(Collected data)
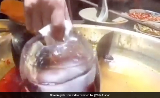 वाला अफशर (@ValaAfshar) द्वारा ट्विटर पर पोस्ट किए गए एक वायरल वीडियो में दिखाया गया है कि कैसे एक शख्स एक गोल आकार के बर्फ के बड़े टुकड़े को एक तैलीय शोरबा में डुबोता है. दिलचस्प बात यह है कि डिश के ऊपर तैरने वाली चिकनाई की परत बर्फ के टुकड़े से चिपक जाती है और फिर सेकंड के भीतर उस पर जम जाती है. फिर शख्स प्रक्रिया को दोहराने से पहले बर्फ से जमी हुई चिकनाई की परत को आसानी से हटा देता है.
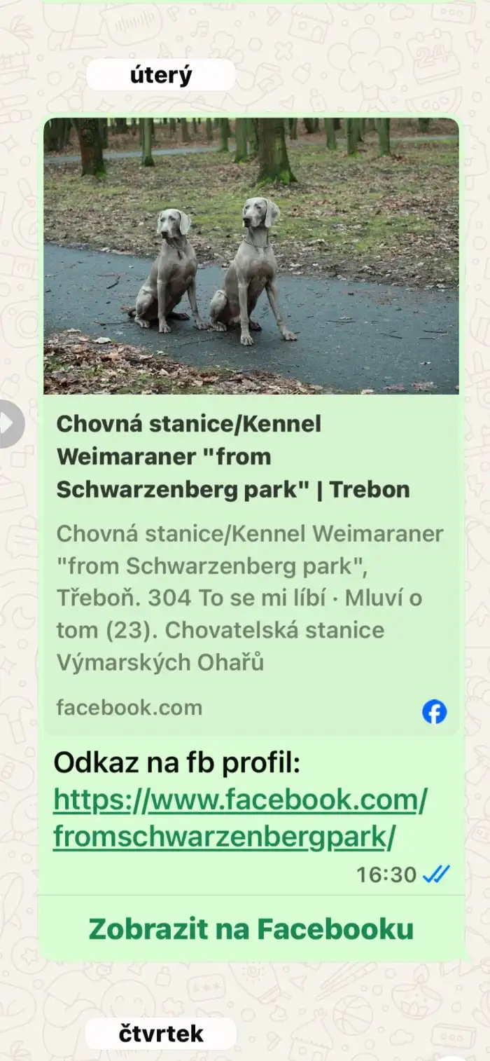 🐾 O nás – Chovatelská stanice výmarských ohařů from Schwarzenberg park 🐾 Jsme rodinná chovatelská stanice výmarských ohařů s dlouholetou láskou k tomuto ušlechtilému plemeni. Od roku 2015 jsme úspěšně odchovali již 7 vrhů zdravých, krásných a vyrovnaných štěňat. Naším cílem je spojení exteriérové kvality s výbornou povahou a pracovními předpoklady. Výmarský ohař je pro nás víc než jen pes – je to věrný společník, pracovitý parťák a člen rodiny. Pečlivě vybíráme chovné jedince s důrazem na zdraví, genetickou vyrovnanost, lovecké vlohy i přátelskou povahu. Naši psi se uplatňují ve sportovní kynologii, lovecké praxi i jako rodinní společníci s potřebou aktivního života. Štěňata odchováváme v domácím prostředí s maximální péčí a láskou, se zaměřením na socializaci, stimulaci a budoucí uplatnění – ať už ve sportu, na mysliveckých zkouškách nebo při společných výletech a hrách s rodinou. 🔍 Máme zájem o zodpovědné nové majitele, kteří hledají parťáka do života – ať už na výcvik, výlety, lov nebo jen jako milujícího člena rodiny. 📞 Pokud vás zajímá víc, rádi vás přivítáme na nezávaznou návštěvu nebo si s vámi popovídáme o všem, co vás zajímá. 📍 Třeboň | 🌐 FB stránka: Chovná stanice/Kennel Weimaraner "from Schwarzenberg park" (https://1url.cz/9JBhs) | ✉️ fromschwarzenberkpark@seznam.cz | 📱 +420 601 272 523
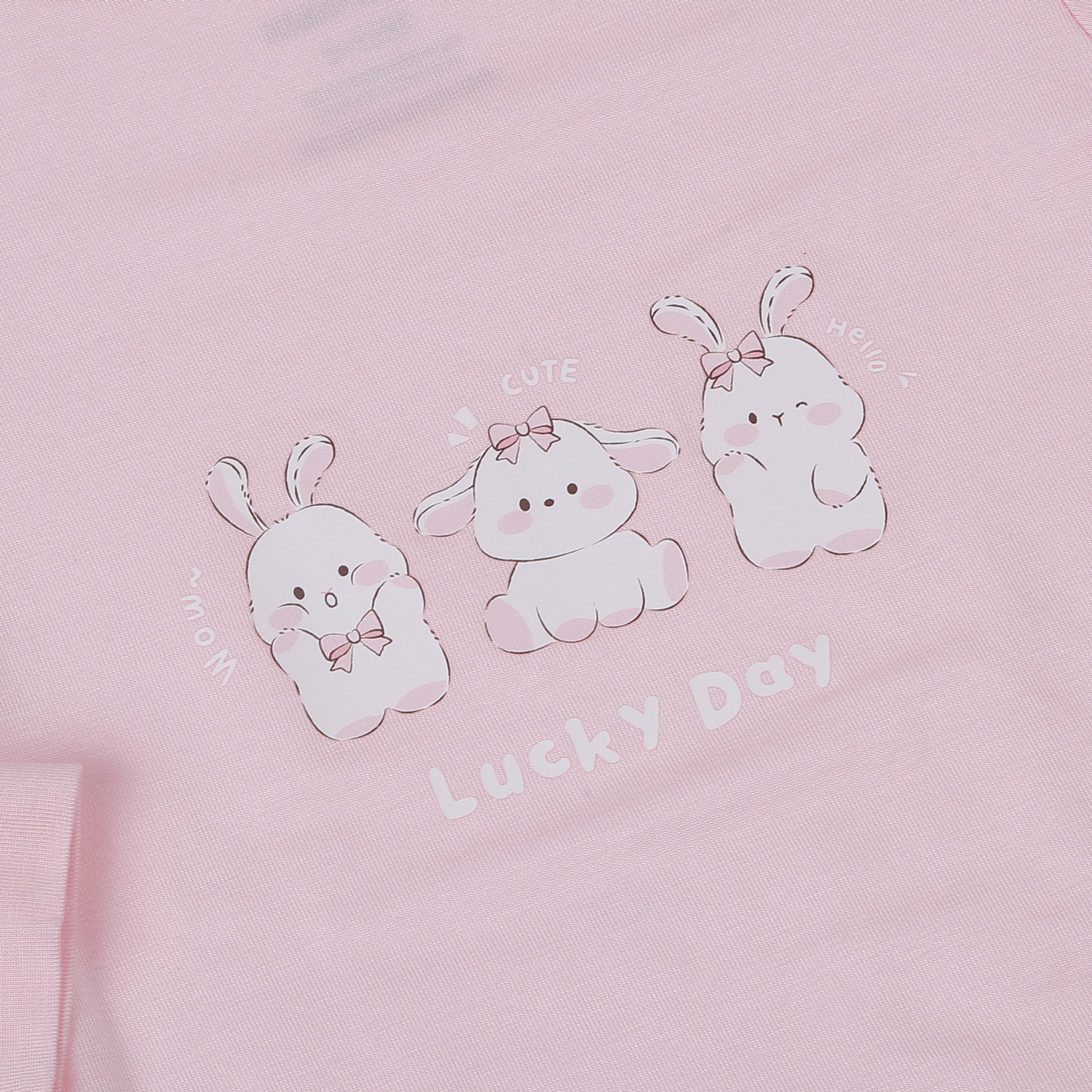 Chiếc áo được thiết kế với cổ 3 phân nhẹ nhàng, vừa đủ để giữ ấm cổ bé mà không gây khó chịu. Màu hồng nhẹ nhàng kết hợp với hình in 3 chú thỏ và chữ “Lucky day” giúp áo trở nên dễ thương mà không quá cầu kỳ. Họa tiết nhỏ nhắn, xinh xắn, phù hợp bé gái.
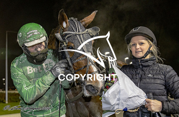 - Billede Beskrivelse: HIGHFIVE E M med Rene Kjær 5. løbs vinder, på Charlottenlund d. 2024-12-27. Photo: Burt Seeger.
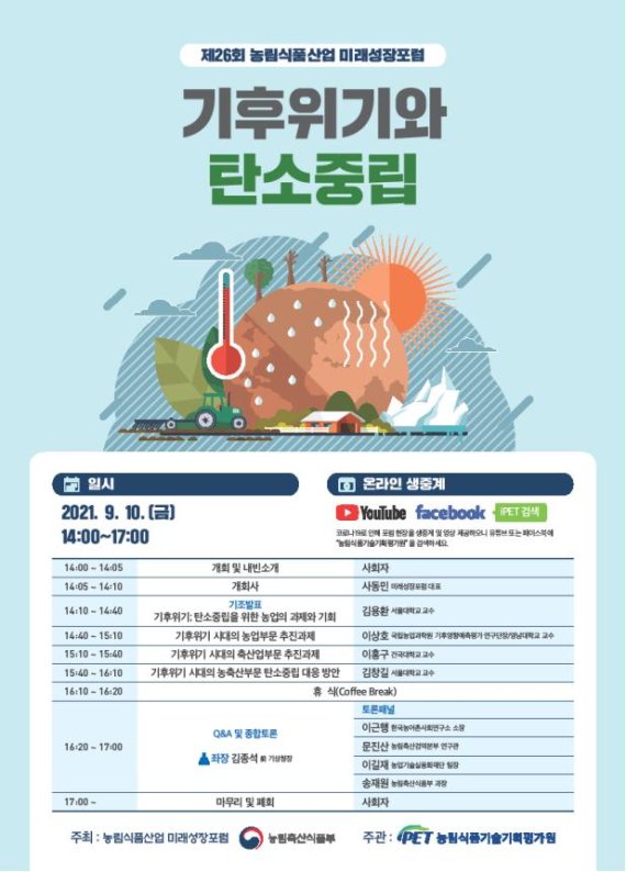 포럼은 온라인으로 생중계될 예정으로, 관심 있는 사람은 누구나 농림기술기획평가원 페이스북과 유튜브 채널, '2021 농식품과학기술대전' 홈페이지를 통해 시청할 수 있다.
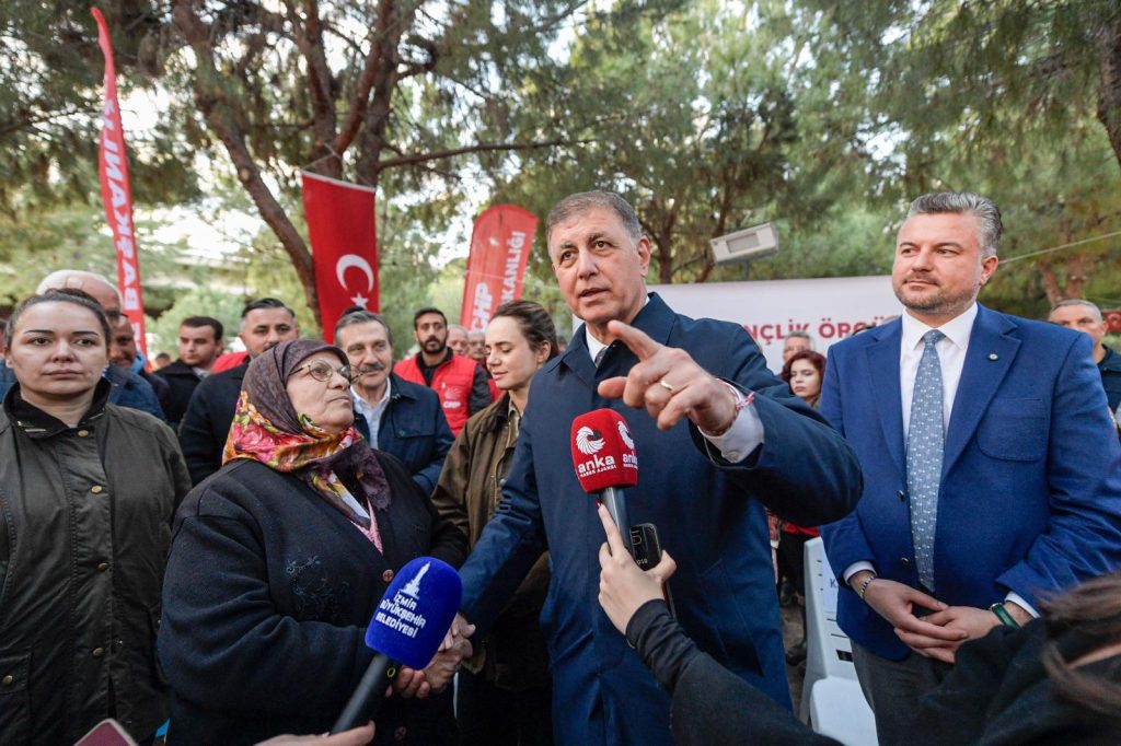 Elveda Teyze’ye sarılarak desteğine teşekkür eden Başkan Tugay, “Teyzemi buraya getiren güç, ona bu itirazı yaptıran şey nedir diye düşünsünler. Yürüyerek nereden buraya gelmiş, işini bırakmış. İnsanları yaraladılar. Sokakta o kadar çok insan bu konuyla ilgili rahatsızlıklarını, üzüldüklerini dile getirdiler ki… ‘Vazgeçmeyin, direnin, yanınızdayız’ diyorlar. Sokakta insanları çağıracağım, kimin itirazı varsa gelsin burada hep beraber buna sebep olanları kınasınlar. İlla buraya gelmeleri de gerekmiyor. Toplandıkları yerden bunları protesto etsinler” ifadelerini kullandı.
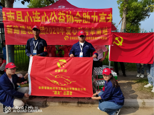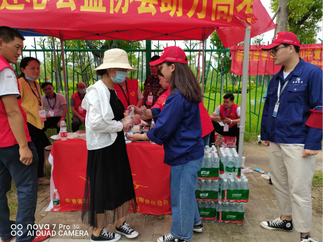 阜南PPP 项目部组织项目部党员、团员志愿者、青年志愿者等在校门口设立“高考志愿服务台”,并在考点为考生和家长们提供全程服务,免费为广大考生提供所需的2B铅笔、签字笔等文具;为考生及家长们提供矿泉水、风油精、抽纸等降温用品,为考生们送去一声祝福、一份温馨。
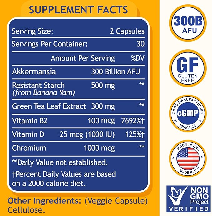 - 6-in-1 for Max Results: Akkermansia aims to strengthens intestinal walls and overall gut health, and GLP-1 production. Resistant Starch, is good for intestinal and gut health. Green Tea Leaf Extract, good for anti-aging & skin health. Vitamin B2 participates in various processes, helping to convert food into energy. Vitamin D plays an important role in the function of the immune systems. Chromium is beneficial for immunity. 6-in-1 to your daily health
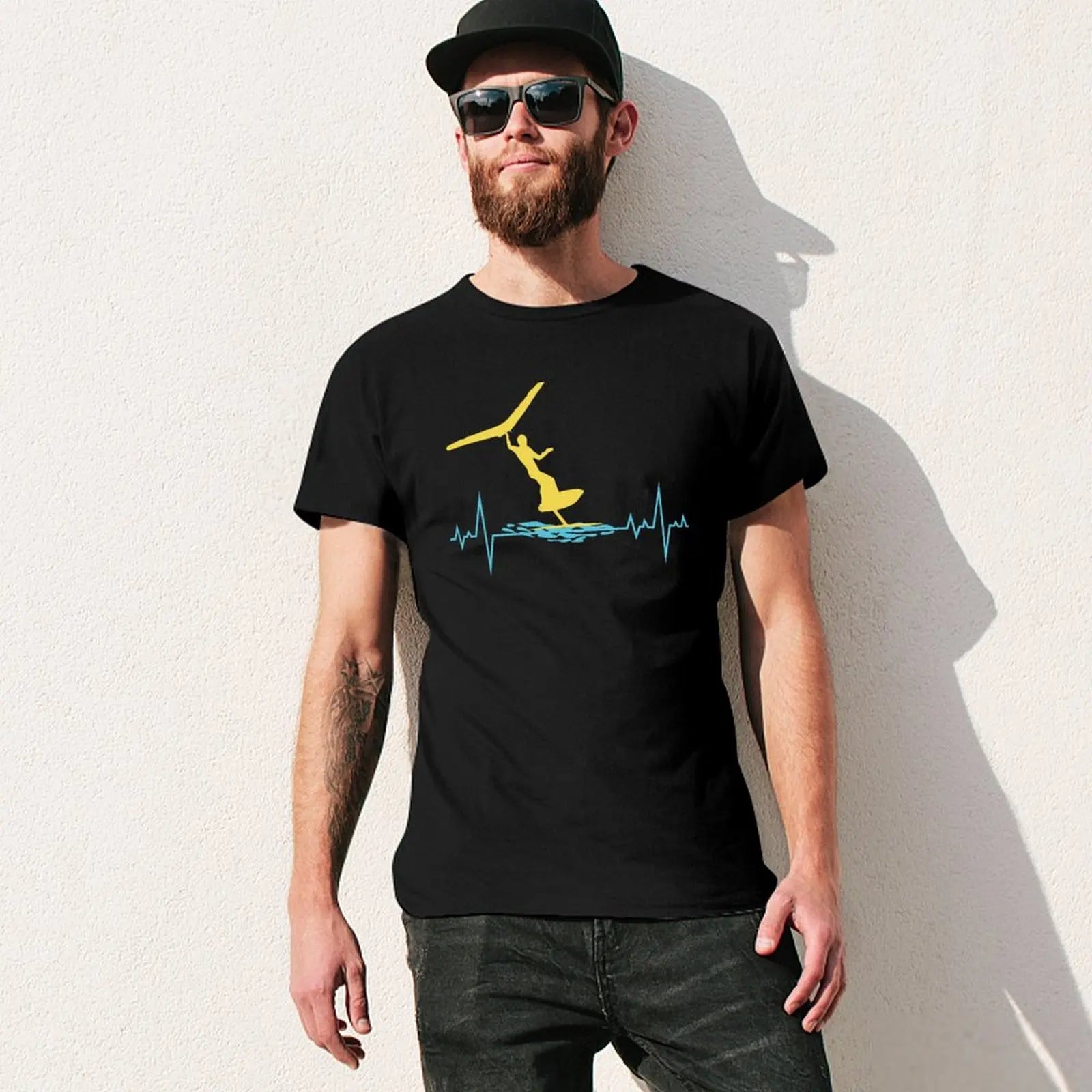Wing Foiling Surfing Heartbeat Funny T-Shirt cute tops new edition mens t shirts
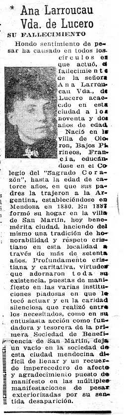 Anna Larroucau Laborde de Lucero (March 7, 1864 – September 3, 1956) was a French-Argentine philanthropist and educator. Pioneer of the Argentine grape and wine industry. She was born in Oloron-Sainte-Marie, France, more precisely in the district of Sainte-Croix, Oloron, rue Mercière Nº13, (erstwhile called rue Centule). She died in San Martín, Mendoza, Argentina.
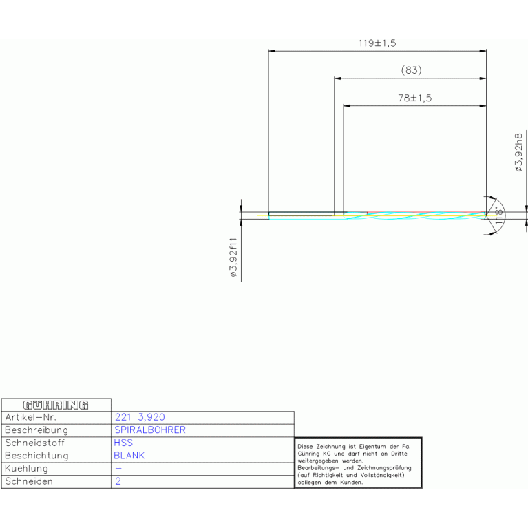 HSS SPIRALBOH, LANG 3,920 DIN 340LH ZYL
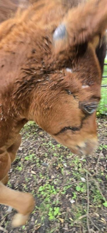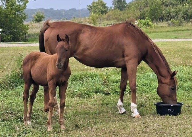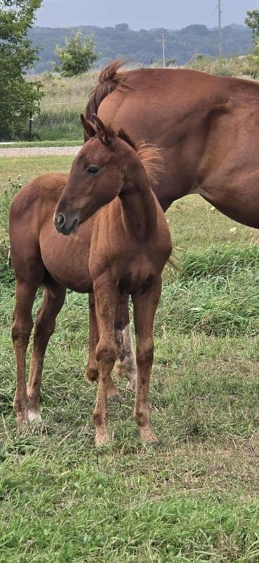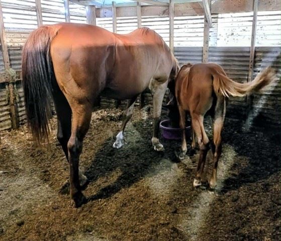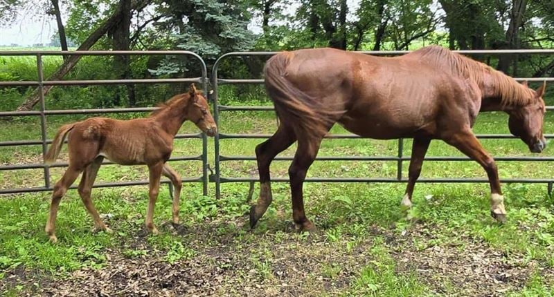 I haven't been on here in quite a while but just had to share my sale barn find.  I actually went to the sale barn to their weekly hay sale to buy small squares of grass hay and came home with a mare and filly instead.  My husband was super excited (insert sarcasm font here).  The first 3 pics were taken June 25th, the day I brought them home.  Baby was born May 18th.  The last 3 pics were taken about a week ago.  The filly had an injured eye that I wasn't sure we were going to be able to save and both were very thin.  Momma wasn't milking well, no surprise given how thin she was.  They are both doing great!  Mom has had her teeth done, feet trimmed and both have been wormed.  Lots of grain, grass, and love.  Momma has been very good about letting us doctor the baby and is actually very sweet to be around.  Not sure how they got to be in that condition and it doesn't matter anyway.  I am pretty excited about this filly.  We call her Reba.  Her momma is Quiet Bride and her daddy is Epically Famous.  Not a bad find...
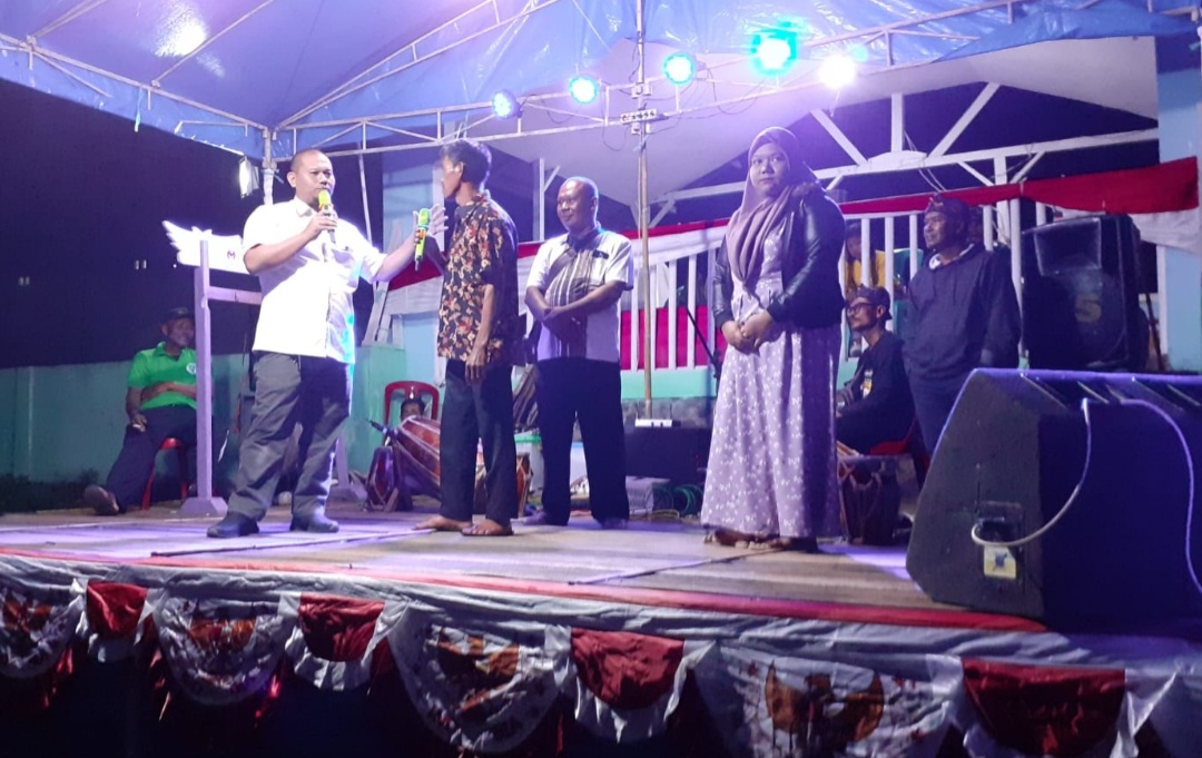 Kades Indralayang Yanyan W Somantri menyambut antuasias kehadiran anggota Fraksi PKS DPRD Garut dalam puncak gebyar budaya memperingati HUT ke-77 RI di Lapang Desa Indralayang.

■ EXERCISE DESCRIPTION: Retype every entry above exactly, leaving out the pictures.

■ FINAL ANSWER:
 वाला अफशर (@ValaAfshar) द्वारा ट्विटर पर पोस्ट किए गए एक वायरल वीडियो में दिखाया गया है कि कैसे एक शख्स एक गोल आकार के बर्फ के बड़े टुकड़े को एक तैलीय शोरबा में डुबोता है. दिलचस्प बात यह है कि डिश के ऊपर तैरने वाली चिकनाई की परत बर्फ के टुकड़े से चिपक जाती है और फिर सेकंड के भीतर उस पर जम जाती है. फिर शख्स प्रक्रिया को दोहराने से पहले बर्फ से जमी हुई चिकनाई की परत को आसानी से हटा देता है.
 🐾 O nás – Chovatelská stanice výmarských ohařů from Schwarzenberg park 🐾 Jsme rodinná chovatelská stanice výmarských ohařů s dlouholetou láskou k tomuto ušlechtilému plemeni. Od roku 2015 jsme úspěšně odchovali již 7 vrhů zdravých, krásných a vyrovnaných štěňat. Naším cílem je spojení exteriérové kvality s výbornou povahou a pracovními předpoklady. Výmarský ohař je pro nás víc než jen pes – je to věrný společník, pracovitý parťák a člen rodiny. Pečlivě vybíráme chovné jedince s důrazem na zdraví, genetickou vyrovnanost, lovecké vlohy i přátelskou povahu. Naši psi se uplatňují ve sportovní kynologii, lovecké praxi i jako rodinní společníci s potřebou aktivního života. Štěňata odchováváme v domácím prostředí s maximální péčí a láskou, se zaměřením na socializaci, stimulaci a budoucí uplatnění – ať už ve sportu, na mysliveckých zkouškách nebo při společných výletech a hrách s rodinou. 🔍 Máme zájem o zodpovědné nové majitele, kteří hledají parťáka do života – ať už na výcvik, výlety, lov nebo jen jako milujícího člena rodiny. 📞 Pokud vás zajímá víc, rádi vás přivítáme na nezávaznou návštěvu nebo si s vámi popovídáme o všem, co vás zajímá. 📍 Třeboň | 🌐 FB stránka: Chovná stanice/Kennel Weimaraner "from Schwarzenberg park" (https://1url.cz/9JBhs) | ✉️ fromschwarzenberkpark@seznam.cz | 📱 +420 601 272 523
 Chiếc áo được thiết kế với cổ 3 phân nhẹ nhàng, vừa đủ để giữ ấm cổ bé mà không gây khó chịu. Màu hồng nhẹ nhàng kết hợp với hình in 3 chú thỏ và chữ “Lucky day” giúp áo trở nên dễ thương mà không quá cầu kỳ. Họa tiết nhỏ nhắn, xinh xắn, phù hợp bé gái.
 - Billede Beskrivelse: HIGHFIVE E M med Rene Kjær 5. løbs vinder, på Charlottenlund d. 2024-12-27. Photo: Burt Seeger.
 포럼은 온라인으로 생중계될 예정으로, 관심 있는 사람은 누구나 농림기술기획평가원 페이스북과 유튜브 채널, '2021 농식품과학기술대전' 홈페이지를 통해 시청할 수 있다.
 Elveda Teyze’ye sarılarak desteğine teşekkür eden Başkan Tugay, “Teyzemi buraya getiren güç, ona bu itirazı yaptıran şey nedir diye düşünsünler. Yürüyerek nereden buraya gelmiş, işini bırakmış. İnsanları yaraladılar. Sokakta o kadar çok insan bu konuyla ilgili rahatsızlıklarını, üzüldüklerini dile getirdiler ki… ‘Vazgeçmeyin, direnin, yanınızdayız’ diyorlar. Sokakta insanları çağıracağım, kimin itirazı varsa gelsin burada hep beraber buna sebep olanları kınasınlar. İlla buraya gelmeleri de gerekmiyor. Toplandıkları yerden bunları protesto etsinler” ifadelerini kullandı.
 阜南PPP 项目部组织项目部党员、团员志愿者、青年志愿者等在校门口设立“高考志愿服务台”,并在考点为考生和家长们提供全程服务,免费为广大考生提供所需的2B铅笔、签字笔等文具;为考生及家长们提供矿泉水、风油精、抽纸等降温用品,为考生们送去一声祝福、一份温馨。
 - 6-in-1 for Max Results: Akkermansia aims to strengthens intestinal walls and overall gut health, and GLP-1 production. Resistant Starch, is good for intestinal and gut health. Green Tea Leaf Extract, good for anti-aging & skin health. Vitamin B2 participates in various processes, helping to convert food into energy. Vitamin D plays an important role in the function of the immune systems. Chromium is beneficial for immunity. 6-in-1 to your daily health
Wing Foiling Surfing Heartbeat Funny T-Shirt cute tops new edition mens t shirts
 Anna Larroucau Laborde de Lucero (March 7, 1864 – September 3, 1956) was a French-Argentine philanthropist and educator. Pioneer of the Argentine grape and wine industry. She was born in Oloron-Sainte-Marie, France, more precisely in the district of Sainte-Croix, Oloron, rue Mercière Nº13, (erstwhile called rue Centule). She died in San Martín, Mendoza, Argentina.
 HSS SPIRALBOH, LANG 3,920 DIN 340LH ZYL
 I haven't been on here in quite a while but just had to share my sale barn find.  I actually went to the sale barn to their weekly hay sale to buy small squares of grass hay and came home with a mare and filly instead.  My husband was super excited (insert sarcasm font here).  The first 3 pics were taken June 25th, the day I brought them home.  Baby was born May 18th.  The last 3 pics were taken about a week ago.  The filly had an injured eye that I wasn't sure we were going to be able to save and both were very thin.  Momma wasn't milking well, no surprise given how thin she was.  They are both doing great!  Mom has had her teeth done, feet trimmed and both have been wormed.  Lots of grain, grass, and love.  Momma has been very good about letting us doctor the baby and is actually very sweet to be around.  Not sure how they got to be in that condition and it doesn't matter anyway.  I am pretty excited about this filly.  We call her Reba.  Her momma is Quiet Bride and her daddy is Epically Famous.  Not a bad find...
 Kades Indralayang Yanyan W Somantri menyambut antuasias kehadiran anggota Fraksi PKS DPRD Garut dalam puncak gebyar budaya memperingati HUT ke-77 RI di Lapang Desa Indralayang.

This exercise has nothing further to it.